» Activity
Using the listing below, set down exactly the lines from the one that contains "The power level" through the one that contains "Die Schultüte hat", with no pictures.

-------- Supplied data

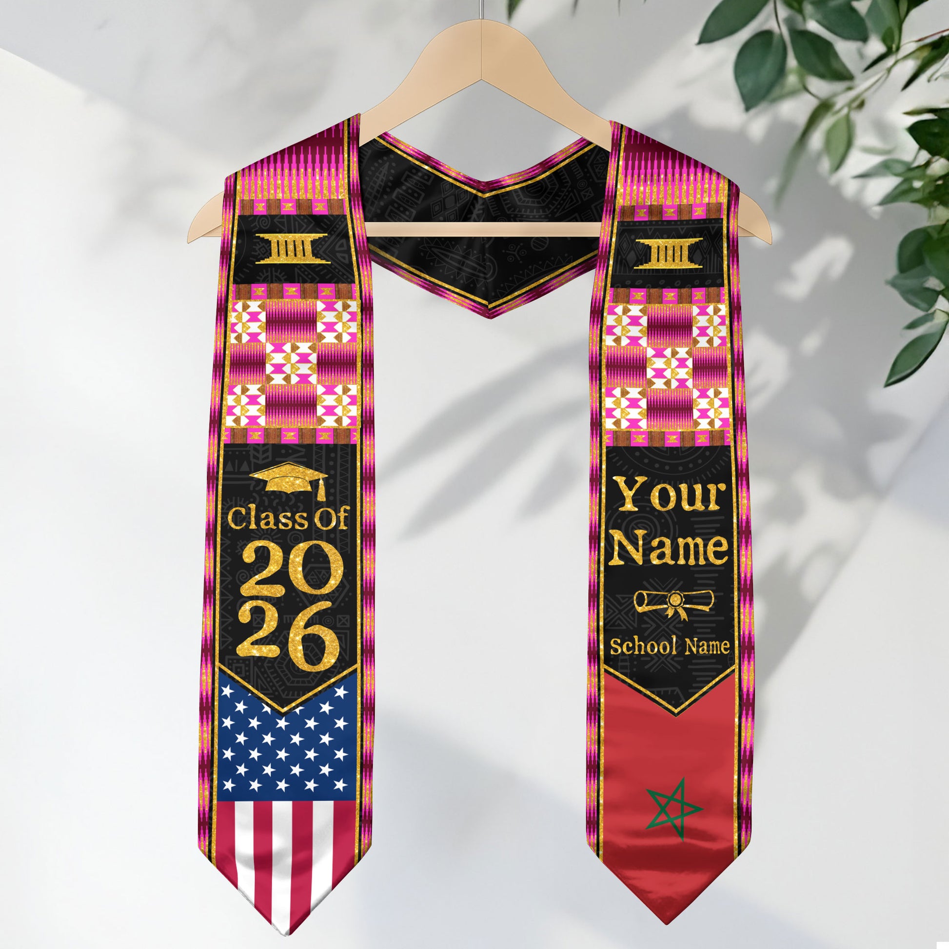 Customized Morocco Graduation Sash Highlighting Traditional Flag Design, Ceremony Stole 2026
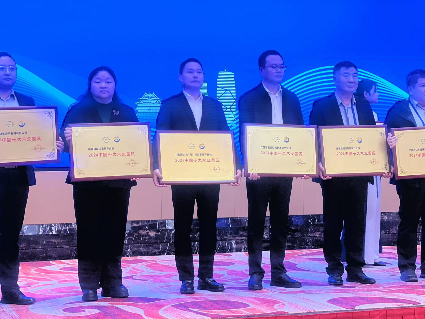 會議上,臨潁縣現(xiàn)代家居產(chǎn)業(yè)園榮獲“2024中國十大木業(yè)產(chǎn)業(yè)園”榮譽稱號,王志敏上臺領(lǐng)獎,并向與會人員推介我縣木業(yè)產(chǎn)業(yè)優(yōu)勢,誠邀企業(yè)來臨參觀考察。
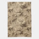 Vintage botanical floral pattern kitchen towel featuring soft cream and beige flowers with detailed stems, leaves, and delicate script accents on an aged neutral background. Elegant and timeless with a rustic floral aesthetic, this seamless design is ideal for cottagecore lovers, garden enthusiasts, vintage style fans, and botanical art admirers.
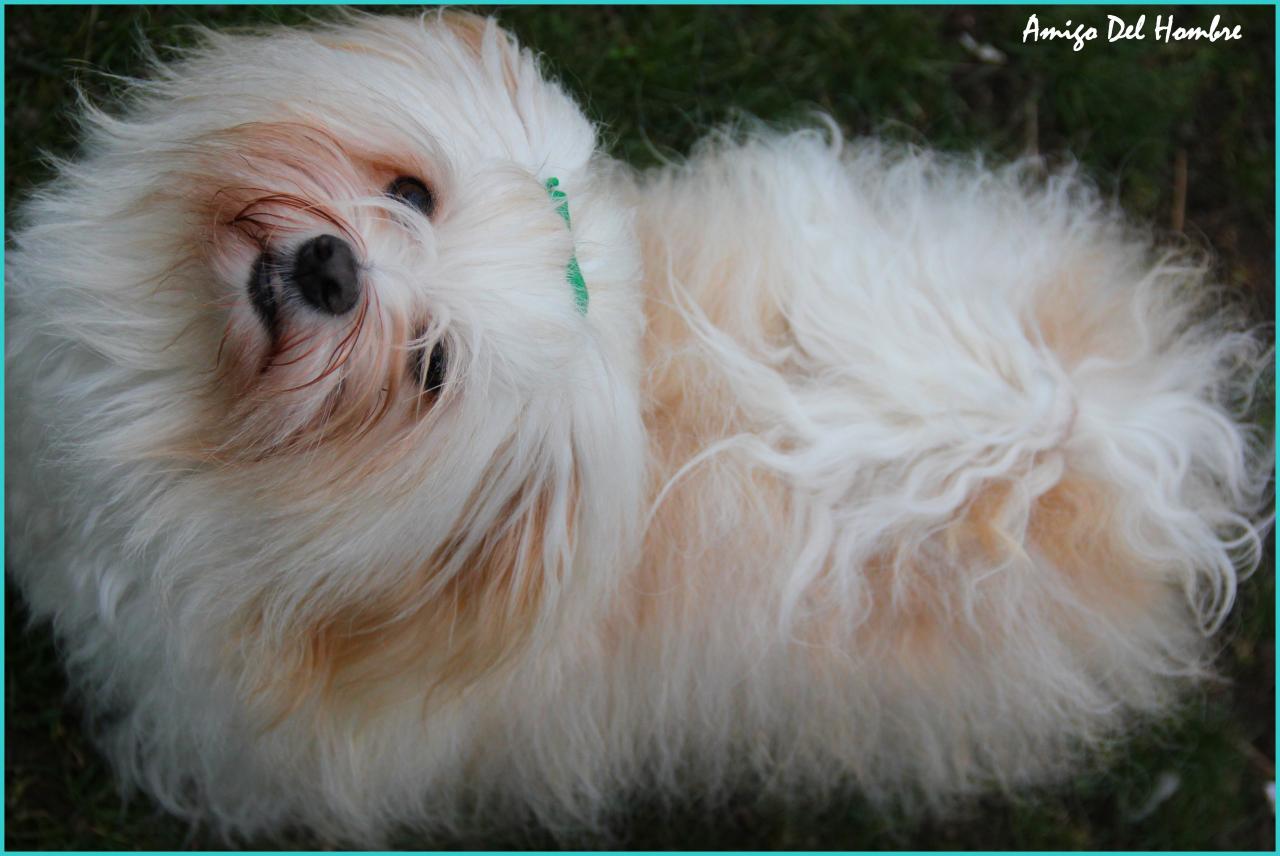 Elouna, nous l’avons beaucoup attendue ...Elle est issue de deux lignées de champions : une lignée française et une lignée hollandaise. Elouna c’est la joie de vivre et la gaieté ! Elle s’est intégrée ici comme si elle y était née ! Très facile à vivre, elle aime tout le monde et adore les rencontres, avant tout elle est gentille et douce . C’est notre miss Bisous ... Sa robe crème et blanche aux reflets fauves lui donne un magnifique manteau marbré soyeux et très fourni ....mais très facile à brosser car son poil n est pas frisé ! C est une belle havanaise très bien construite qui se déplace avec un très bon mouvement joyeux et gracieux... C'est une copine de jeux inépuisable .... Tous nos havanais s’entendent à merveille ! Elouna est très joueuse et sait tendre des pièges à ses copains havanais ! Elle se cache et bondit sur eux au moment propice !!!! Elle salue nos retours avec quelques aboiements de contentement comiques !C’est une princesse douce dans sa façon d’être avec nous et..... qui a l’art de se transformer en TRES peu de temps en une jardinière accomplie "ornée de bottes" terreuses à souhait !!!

----------------
-------- Supplied data

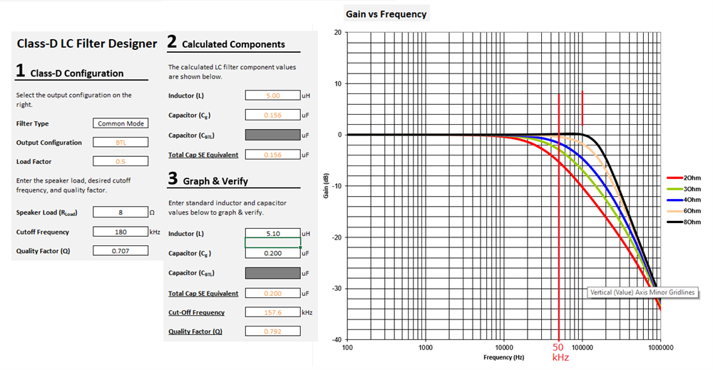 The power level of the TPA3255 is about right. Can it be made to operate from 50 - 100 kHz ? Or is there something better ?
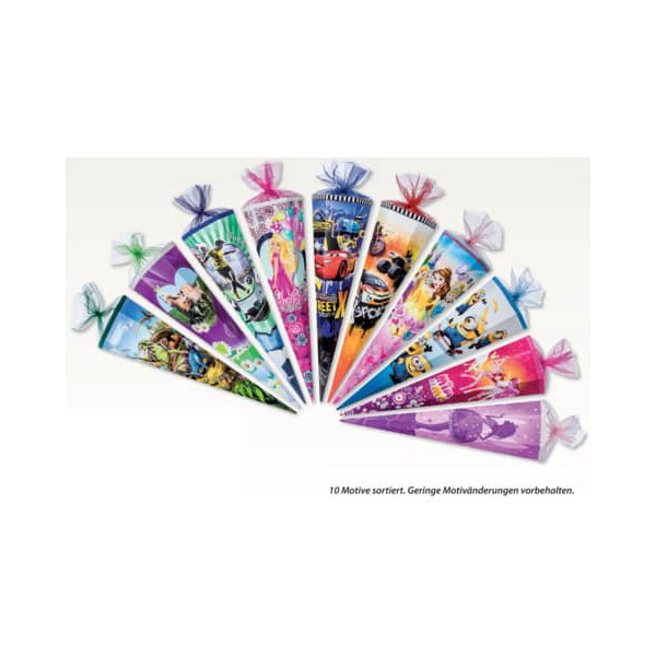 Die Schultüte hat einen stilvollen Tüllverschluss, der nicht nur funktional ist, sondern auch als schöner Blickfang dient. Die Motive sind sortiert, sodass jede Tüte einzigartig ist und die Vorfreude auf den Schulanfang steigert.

----------------

» Solution to this task
 The power level of the TPA3255 is about right. Can it be made to operate from 50 - 100 kHz ? Or is there something better ?
 Die Schultüte hat einen stilvollen Tüllverschluss, der nicht nur funktional ist, sondern auch als schöner Blickfang dient. Die Motive sind sortiert, sodass jede Tüte einzigartig ist und die Vorfreude auf den Schulanfang steigert.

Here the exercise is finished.